Any good experiences (or bad) with any of these?
OP, your demo is rock solid! What's the pitch for Aframe?
How do you see the "gaussian splat" future panning out? Will these be useful for more than visualizations and "digital twins" (in the industrial setting)? Will we be editing them and animating them at any point in the near future? Or to rephrase, when (or will) they be useful for the creative and gaming fields?
A-Frame is an entity component system on top of THREE.js that uses the DOM as a declarative layer for the scene graph. It can be manipulated using the standard APIs and tools that Web developers are used to. Initial target was onboarding Web devs into 3D but found success beyond. The super low barrier of entry (hello world below) without sacrificing functionality made it very popular for people learning programming / 3D (part of the curriculum in many schools / universities) and in advanced scenarios (moonrider.xyz ~100k MAUs (300k MAUs at peak) most popular WebXR content to date is made with A-Frame)
One of the Spark goals is exploring applications of 3D Gaussian Splatting. I don't have all the answers yet but already compelling use cases quickly developing. e.g photogrammetry / scanning where splats represent high frequency detail in an appealing and relatively compact way as you can see in one of the demos (https://sparkjs.dev/examples/interactivity/index.html). There are great examples of video capture already (https://www.4dv.ai/). Looking forward to seeing new applications as we figure out better compression, streaming, relighting, generative models, LOD...
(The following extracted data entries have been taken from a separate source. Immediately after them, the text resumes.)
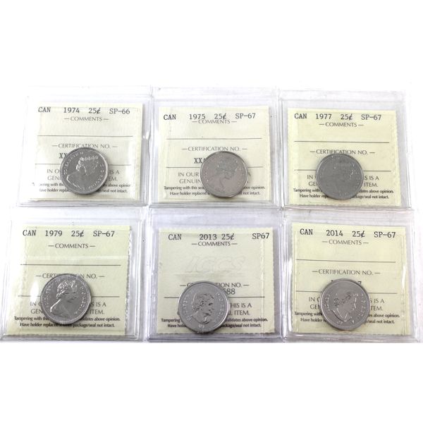 25-cent 1974 SP66, 1975, 1977, 1979, 2013 & 2014 SP67 All ICCS. 6pcs.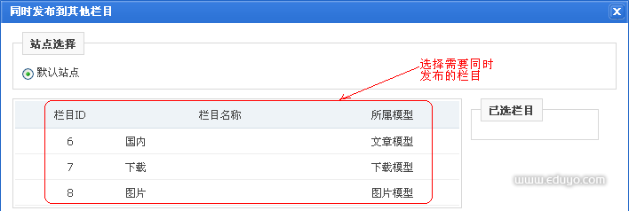 点击“同时发布到其他栏目”按钮时弹出如下页面: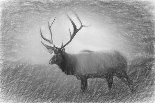 Bull Elk Sketch White Modern Wood Framed Art Print with Double Matting by Deiter, Lori
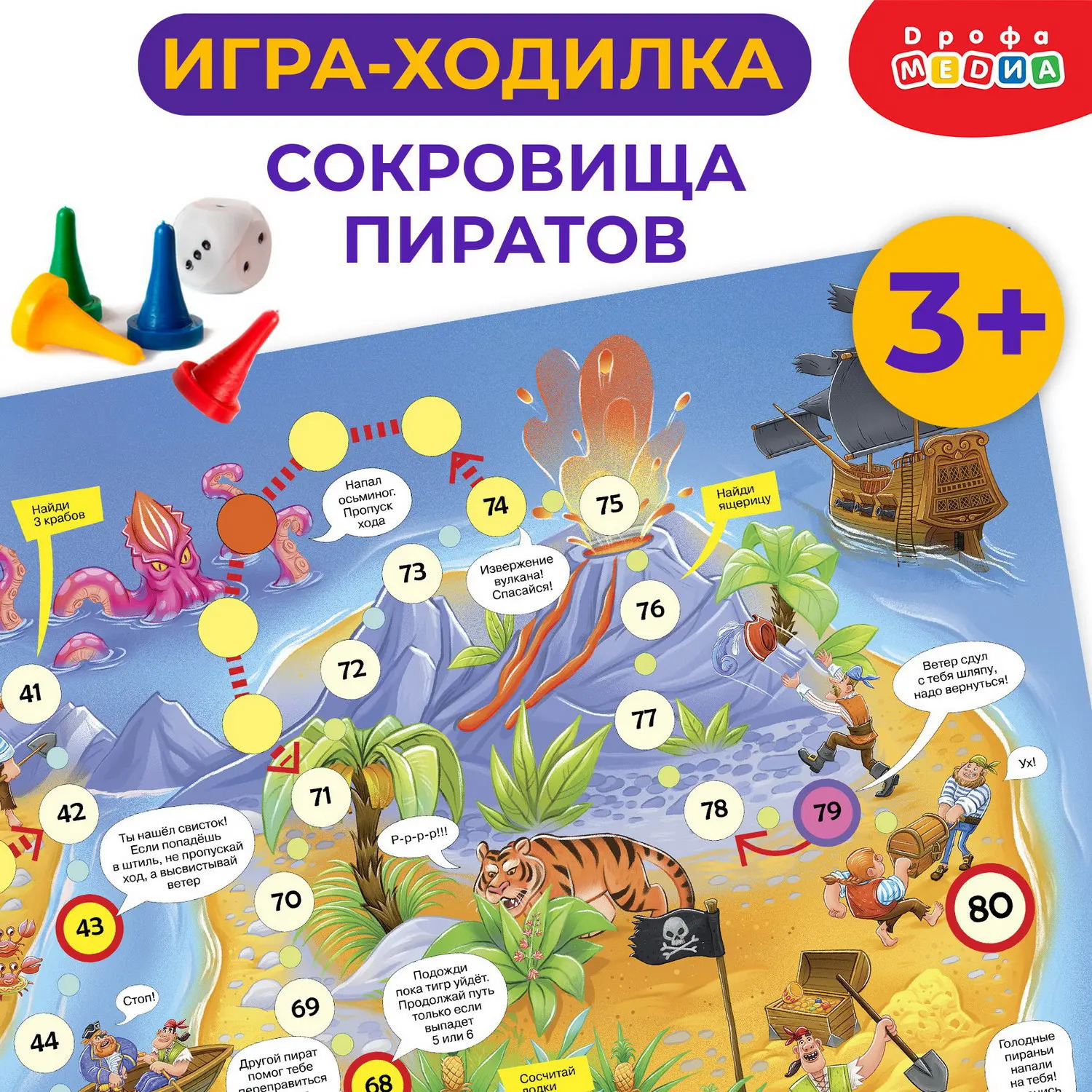 В комплекте: игровое поле, 4 фишки, кубик, правила.

When you say that PlayCanvas is commercial, that's a little misleading. The PlayCanvas Engine (analogous to Three.js and Babylon.js) is free and open source (MIT). The PlayCanvas Engine is where you'll find all the cool 3DGS tech. There are two further frameworks that wrap the Engine (for those that prefer to use a declarative interface): PlayCanvas Web Components and PlayCanvas React. Again, both of these are free and open source (MIT). Only the PlayCanvas Editor (analogous to a browser-based Unity) has optional payment plans (for those that want to create private projects).
Did a test study in BabylonJS, and generally the subset of compatible features is browser specific.
The good:
1. Blender plugin for baked mesh animation export to stream asset is cool
2. the procedural texture tricks combined with displacement maps mean making reasonable looking in game ocean/water possible with some tweaking
3. adding 2D sprite swap out for distant objects is trivial (think Paper Mario style)
The bad:
1. burns gpu vram far faster than normal engines (dynamic paint bloats up fast when duplicating aliases etc. )
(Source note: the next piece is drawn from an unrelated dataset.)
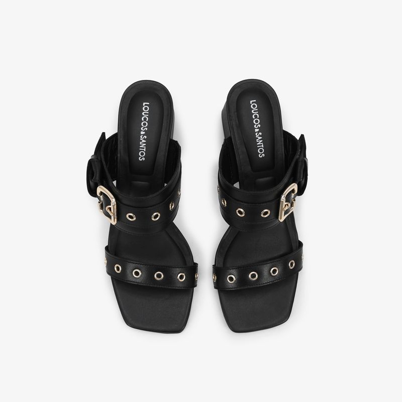 O tamanco possui tira superior com detalhe em ilhós, fivela em metal dourado e detalhe estruturado em nó.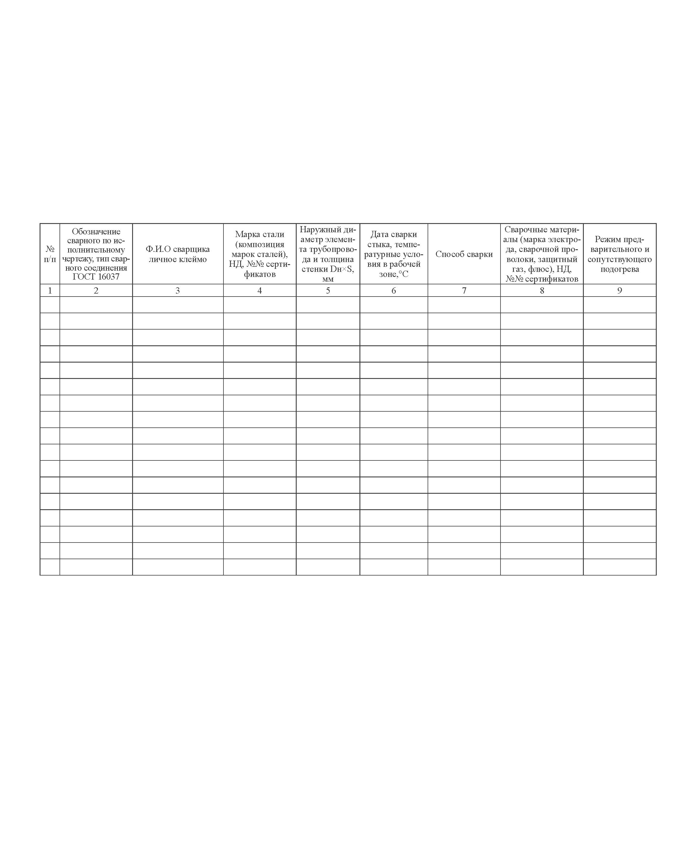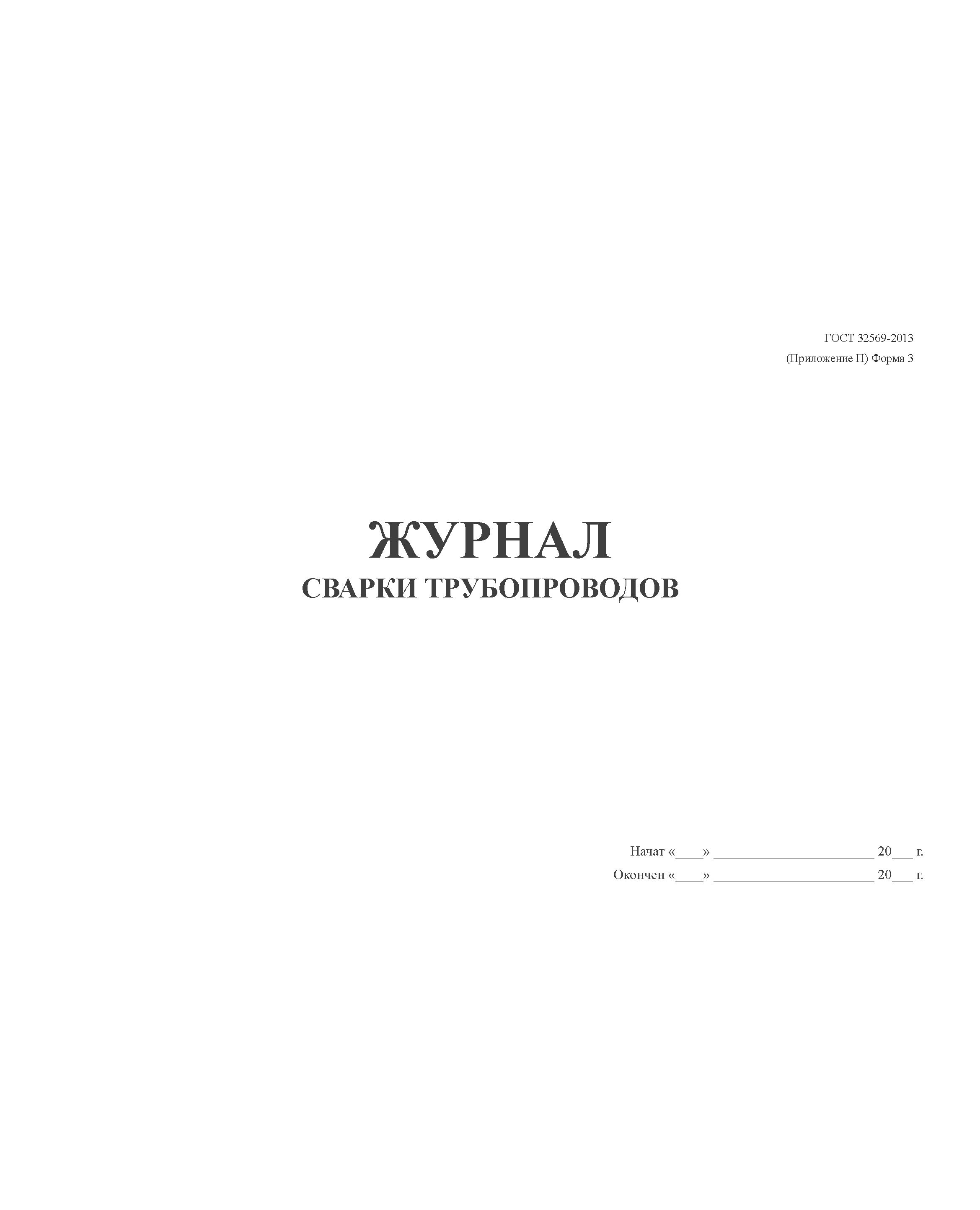 Журнал по сварке трубопроводов. ГОСТ 32569-2013 (Приложение П) Форма 3 (100 страниц, прошитый)

2. JS burns CPU cycles, but the wasm support is reasonable for physics/collision
3. all resources are exposed to end users (expect unsophisticated cheaters/cloners)
The ugly:
1. mobile gpu support on 90% of devices is patchwork
2. baked lighting ymmv (we tinted the gpu smoke VFX to cheat volumetric scattering)
3. in browser games essentially combine the worst aspects of browser memory waste, and security sandbox issues (audio sync is always bad in browser games)
Anecdotally, I would only recommend the engine for server hosted transactional games (i.e. cards or board games could be a good fit.)
Otherwise, if people want something that is performant, and doesn't look awful.... Than just use the Unreal engine, and hire someone that mastered efficient shader tricks. =3
Personaly I have been using babylonJs for five years. And I just love it. For me it's so easy to program ( cleanest API I have ever seen) and my 3D runtime is so light, my demos work fine even on my android phone.
Web browsers add a lot of unnecessary overhead, and require dancing with quarterly changes in policies.
In general, most iOS devices are forced to use/link their proprietary JS vm API implementation. While Babylon makes it easier, it often had features NERF'd by both Apple iOS, and Alphabet Android. In the former case it is driven by a business App walled garden, and in the latter it is device design fragmentation.
I like Babylon in many ways too, but we have to acknowledge the limitations in deployment impacting end users. People often end up patching every update Mozilla/Apple/Microsoft pushes.
Thus, difficult to deploy something unaffected by platform specific codecs, media syncing, and interface hook shenanigans.
This coverage issue is trivial to handle in Unity, GoDot, and Unreal.
The App store people always want their cut, and will find convenient excuses to nudge that policy. It is the price of admission on mobile... YMMV =3
One component of my hobby web app project is a wavetable. Below are two examples of wavetables. I want it to not tax the browser so that other, latency sensitive, components do not suffer.
Would you have any suggestions on what JS/TS package to use? I built a quick prototype in three.js but I am neither a 3D person nor a web dev, so I would appreciate your advice.
* recall fixed rate producer/consumers should lock relative phase when the garbage collector decides to ruin your day, things like software FIR filters are also fine, and a single-thread output pre-mixed stream will eventually buffer though whatever abstraction the local users have setup (i.e. while the GC does its thing... playback sounds continuous.)
Inside a VM we are unfortunately at the mercy of the garbage collector, and any assumptions JIT compiled languages make. Yet wasm should be able to push io transfers fast enough for software mixers on modern cpus.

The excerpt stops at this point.